What makes Snowflake a data warehouse?

One of the most common questions I get when speaking to people about Snowflake is: “Why do you call it a data warehouse and not a database?” This is a very reasonable question given some of the characteristics of Snowflake.

At Snowflake, in part, we say we are a full relational database management system (RDBMS) built for the cloud. We are ACID compliant and we support standard SQL. Sounds like a database to me, too. Let’s take a closer look just to be sure.

What is a database?

A database is a collection of information organized to be easily accessed, managed and updated. While there are many types of databases available today, the most common is an RDBMS. But when most folks say “database”, they usually mean a traditional RDBMS that handles Online Transaction Processing (OLTP).

So, what are some of the defining characteristics of an OLTP database?

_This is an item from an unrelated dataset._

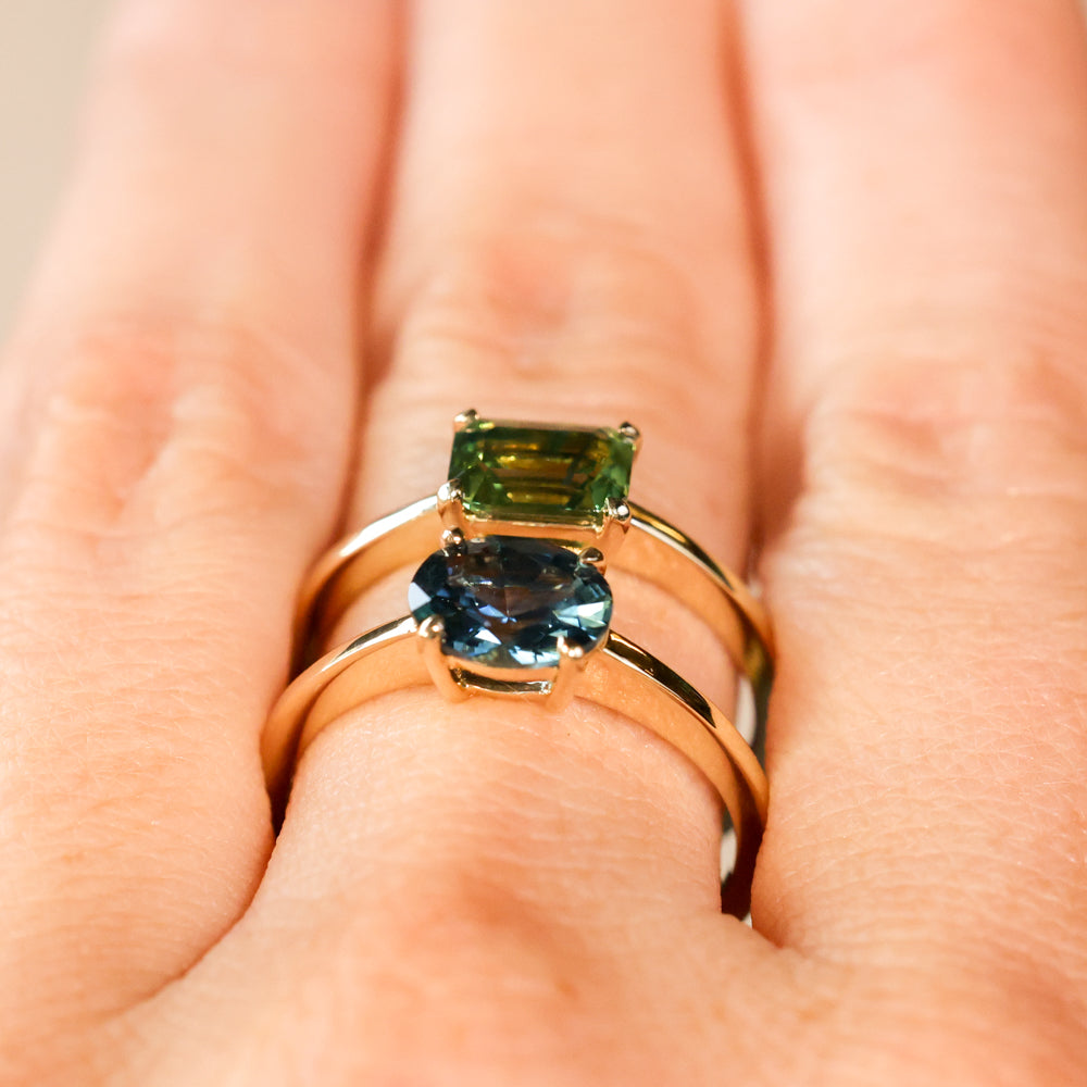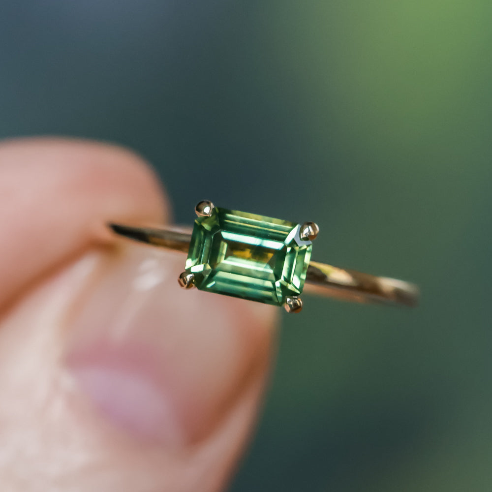 Minimalist, light and airy low profile Australian emerald cut sapphire ring set East-West in 14k yellow gold. The sapphire has beautiful, bright apple green coloring with parti segments of blue color.

  • Designed for rapid storage and retrieval of small sets of current data records in support of transactions and interactions within an enterprise.
  • Data is organized in tables and columns, allowing users access via structured query language (SQL).
  • Handles quick, real-time activity such as entering a customer name, recording a sale and recording all accounting activity of that sale.
  • Works well for basic operational reporting of a limited number of records. Analytic reporting is relegated to simple, static reports often driven by IT.

What is a data warehouse?

Some of the defining characteristics of a data warehouse are:

  • A database designed to store and process large volumes of current and historical data collected from multiple sources inside and outside the enterprise for deep analysis.
  • Organizes data into tables and columns, and allows users access via SQL.
  • Optimized for loading, integrating and analyzing very large amounts of data.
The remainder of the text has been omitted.